We use the ERP system Microsoft Dynamics Business Central from Microsoft Corporation and the warehouse management system from Descartes Systems (Germany) GmbH (pixi) to process our orders.
2.2 Customer account
If you decide to open a customer account, we will use the data you enter on the input forms to open a customer account and to store your data for further future orders on our website in accordance with Art. 6 (1) point b GDPR. You can delete your customer account at any time, either by sending a message to the contact option described in this data protection declaration or by using a function provided in the customer account. After deletion of your customer account, your data will be deleted, unless you have expressly consented to further use of your data in accordance with Art. 6 (1) point a GDPR or we reserve the right to use data in excess thereof, which is permitted by law and about which we inform you in this statement.
2.3 Contact
When you communicate with us via the contact form on our website or app, we process the personal data you provide as part of your inquiry, and which is necessary to answer that inquiry. To optimize our customer service, in certain specific cases, we use an AI-powered assistant provided by Neople Labs B.V., Walpoort 10, 5211 DK, 's-Hertogenbosch, Netherlands. This assistant supports both the manual and automated processing of customer inquiries. Your inquiry is automatically transferred to our support system (Zendesk). There, the integrated AI assistant analyzes the content, accesses internal data sources if needed, and suggests appropriate answers to the support team. In specific cases, the response may be fully automated.
Interactions are continuously incorporated into the further development of the AI system, improving the quality of future responses.
The processing of your data is based on Art. 6 (1) point b and f GDPR.
2.4 Proactive contact by the customer by e-mail
If you contact us by e-mail on your own initiative, we will only collect your personal data (name, e-mail address, message text) to the extent provided by you. The data processing serves to process and respond to your contact request.
If the contact serves to carry out pre-contractual measures (e.g. advice in the event of an interest in purchasing, preparation of an offer) or concerns a contract already concluded between you and us, this data processing is carried out on the basis of Art. 6 para. 1 lit. b GDPR.

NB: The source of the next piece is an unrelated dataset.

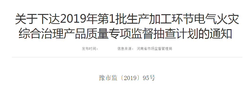 4月2日,河南省市場監(jiān)督管理局發(fā)布通知稱,為深入貫徹落實《國務(wù)院安全生產(chǎn)委員會關(guān)于開展電氣火災(zāi)綜合治理工作的通知》(安委〔2017〕4號)和省政府安委會《關(guān)于印發(fā)全省電氣火災(zāi)綜合治理工作實施方案的通知》(豫安委〔2017〕7號)工作部署,進一步加強全省電氣火災(zāi)防范和生產(chǎn)加工環(huán)節(jié)電氣產(chǎn)品質(zhì)量安全監(jiān)管,河南省市場監(jiān)督管理局(以下簡稱省局)決定在全省開展2019年第1批生產(chǎn)加工環(huán)節(jié)電氣火災(zāi)綜合治理產(chǎn)品質(zhì)量專項監(jiān)督抽查,F(xiàn)就有關(guān)工作通知如下:

If contact is made for other reasons, this data processing is carried out on the basis of Art. 6 para. 1 lit. f GDPR due to our overriding legitimate interest in processing and responding to your inquiry. In this case, you have the right to object, on grounds relating to your particular situation, at any time to the processing of personal data concerning you based on Art. 6 (1) (f) GDPR.
We will only use your e-mail address to process your request. Your data will then be deleted in compliance with statutory retention periods, unless you have consented to further processing and use.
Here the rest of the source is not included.